**Recorded information:**
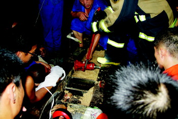 消防官兵营救酒厂工人。 本报通讯员 韩晶慧 张卫刚 摄
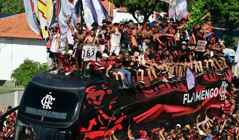 "Entraram no ônibus pelo teto. Só bora!", publicou o zagueiro Léo Pereira em um story no Instagram. Pereira posou sorrindo em uma foto com um torcedor e o atacante Luiz Araújo.
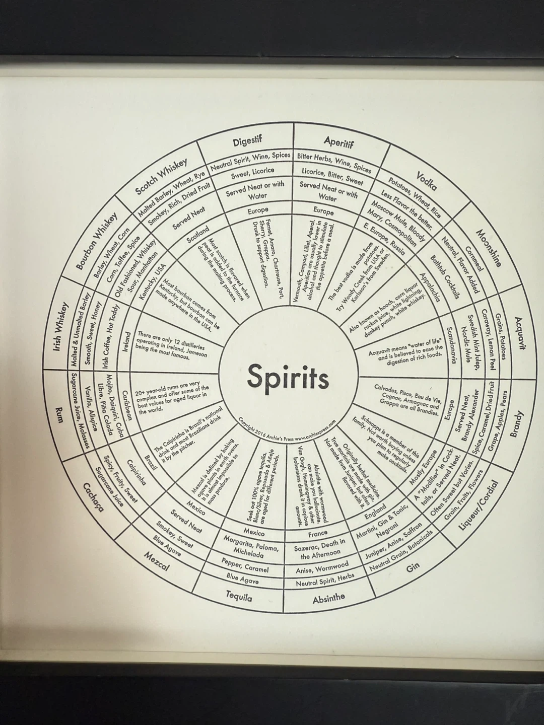 Spirits wheel in square letterpress print from Canadian printmaker, in square Pottery Barn black frame 🥃
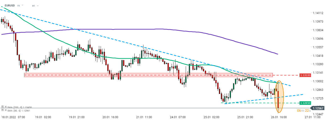 USD posilnil počas Powellovho prejavu po tom, čo predseda Fedu povedal, že nevylučuje zvýšenie sadzieb počas každého zasadnutia. EURUSD sa prepadol z 1,1300 na 1,1250 a posunul sa pod spodnú hranicu trojuholníkového vzoru. Zdroj: xStation5
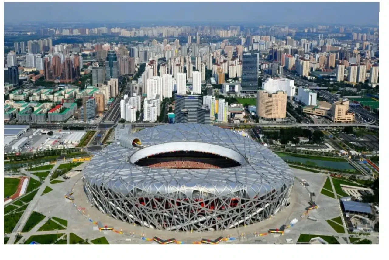 Со всех сторон символичный стадион «Птичье гнездо». Демонстрирующий связь с колыбелью и современными устремлениями и претензиями Китая в нулевые годы ХХ в.
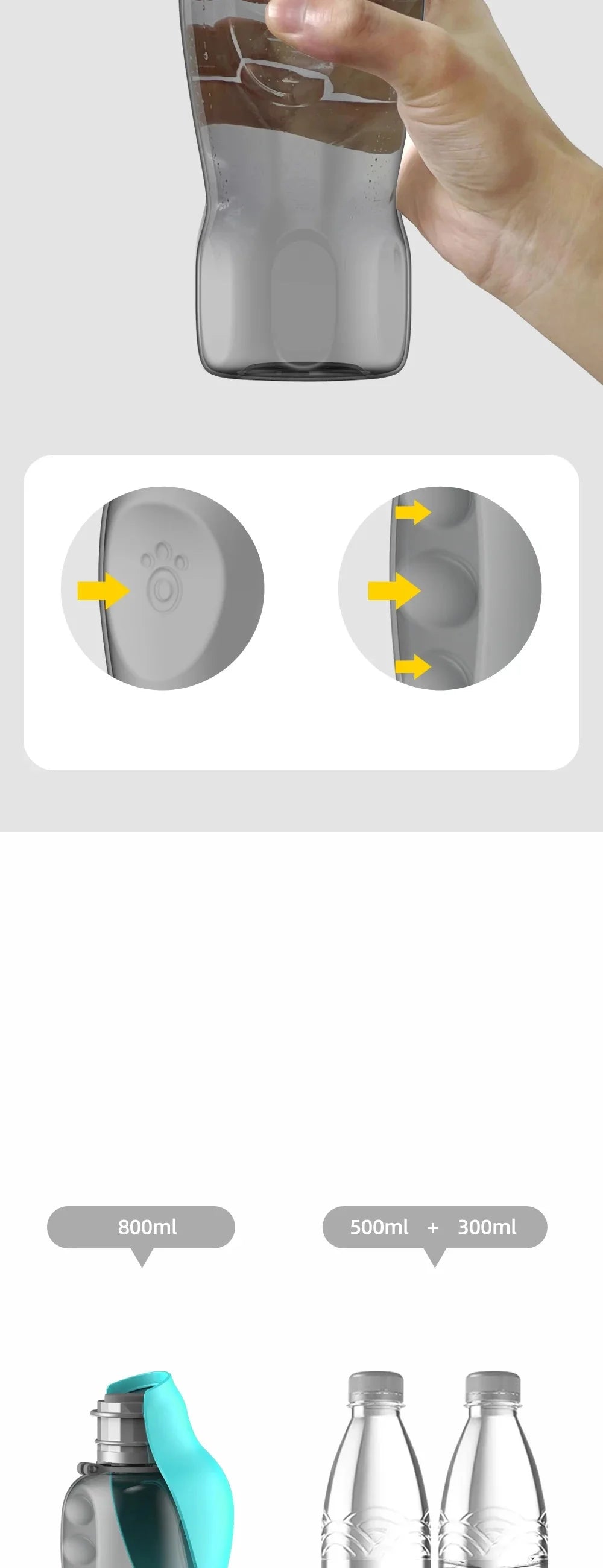 This large-capacity 800ml dog water bottle is designed for easy and convenient hydration on the go. Perfect for travel, walks, hikes, and outdoor activities, it suits small, medium, and large dogs as well as puppies and cats.
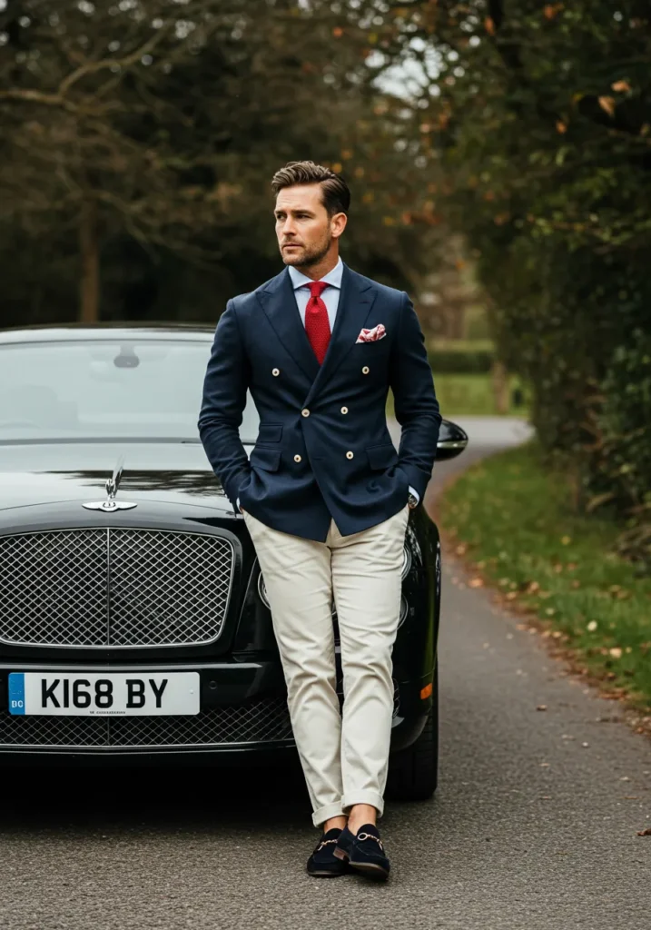 This look pairs a navy double-breasted blazer with beige trousers and black loafers. A red tie and red pocket square give just the right pop of color, while the fit and fabric scream quality. Standing in front of a sleek black car, the styling leans into luxury.
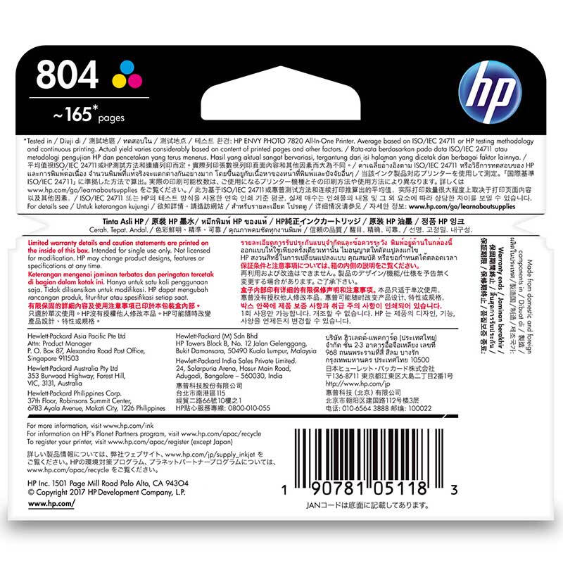 - 惠普T6N10AA 804 黑色墨盒(适用于HP ENVY Photo 6220 /HP ENVY Photo 6222)
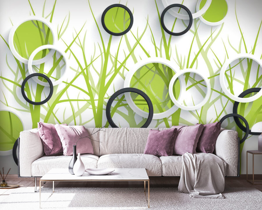 Premena miestnosti na útulné útočisko môže byť len otázkou odlepenia a nalepenia tejto „nástenné tapety s kruhmi a stromami“. Predstavte si, že vstúpite do sveta, kde sa geometrické tvary stretávajú s čarom prírody. Tieto žiarivé zelené farby v kombinácii s čistými líniami kruhov vytvárajú vzdušnú atmosféru, ktorá pôsobí sviežo – ako keby ste otvorili okno na jar! Nie sú potrebné žiadne kladivá ani klince; táto tapeta sa odlepuje a lepí ako sen. Je ideálna do hravých detských izieb, štýlových obývačiek alebo akéhokoľvek priestoru, ktorý potrebuje rýchlu vzpruhu. Predstavte si, ako popíjate rannú kávu a necháte sa unášať víriacimi vzormi, alebo ako hostíte priateľov, ktorí nemôžu odolať obdivu vášho nástenného umenia. Vyvolá to konverzácie a možno aj trochu závisti – len trošku. Pripravte sa teda na tento netradičný, ale pokojný dekor, ktorý bez zbytočného rozruchu vnesie do interiéru kúsok prírody.

**To do:**
Without copying the pictures, transcribe the entries exactly.

**Response for this exercise:**
 消防官兵营救酒厂工人。 本报通讯员 韩晶慧 张卫刚 摄
 "Entraram no ônibus pelo teto. Só bora!", publicou o zagueiro Léo Pereira em um story no Instagram. Pereira posou sorrindo em uma foto com um torcedor e o atacante Luiz Araújo.
 Spirits wheel in square letterpress print from Canadian printmaker, in square Pottery Barn black frame 🥃
 USD posilnil počas Powellovho prejavu po tom, čo predseda Fedu povedal, že nevylučuje zvýšenie sadzieb počas každého zasadnutia. EURUSD sa prepadol z 1,1300 na 1,1250 a posunul sa pod spodnú hranicu trojuholníkového vzoru. Zdroj: xStation5
 Со всех сторон символичный стадион «Птичье гнездо». Демонстрирующий связь с колыбелью и современными устремлениями и претензиями Китая в нулевые годы ХХ в.
 This large-capacity 800ml dog water bottle is designed for easy and convenient hydration on the go. Perfect for travel, walks, hikes, and outdoor activities, it suits small, medium, and large dogs as well as puppies and cats.
 This look pairs a navy double-breasted blazer with beige trousers and black loafers. A red tie and red pocket square give just the right pop of color, while the fit and fabric scream quality. Standing in front of a sleek black car, the styling leans into luxury.
 - 惠普T6N10AA 804 黑色墨盒(适用于HP ENVY Photo 6220 /HP ENVY Photo 6222)
 Premena miestnosti na útulné útočisko môže byť len otázkou odlepenia a nalepenia tejto „nástenné tapety s kruhmi a stromami“. Predstavte si, že vstúpite do sveta, kde sa geometrické tvary stretávajú s čarom prírody. Tieto žiarivé zelené farby v kombinácii s čistými líniami kruhov vytvárajú vzdušnú atmosféru, ktorá pôsobí sviežo – ako keby ste otvorili okno na jar! Nie sú potrebné žiadne kladivá ani klince; táto tapeta sa odlepuje a lepí ako sen. Je ideálna do hravých detských izieb, štýlových obývačiek alebo akéhokoľvek priestoru, ktorý potrebuje rýchlu vzpruhu. Predstavte si, ako popíjate rannú kávu a necháte sa unášať víriacimi vzormi, alebo ako hostíte priateľov, ktorí nemôžu odolať obdivu vášho nástenného umenia. Vyvolá to konverzácie a možno aj trochu závisti – len trošku. Pripravte sa teda na tento netradičný, ale pokojný dekor, ktorý bez zbytočného rozruchu vnesie do interiéru kúsok prírody.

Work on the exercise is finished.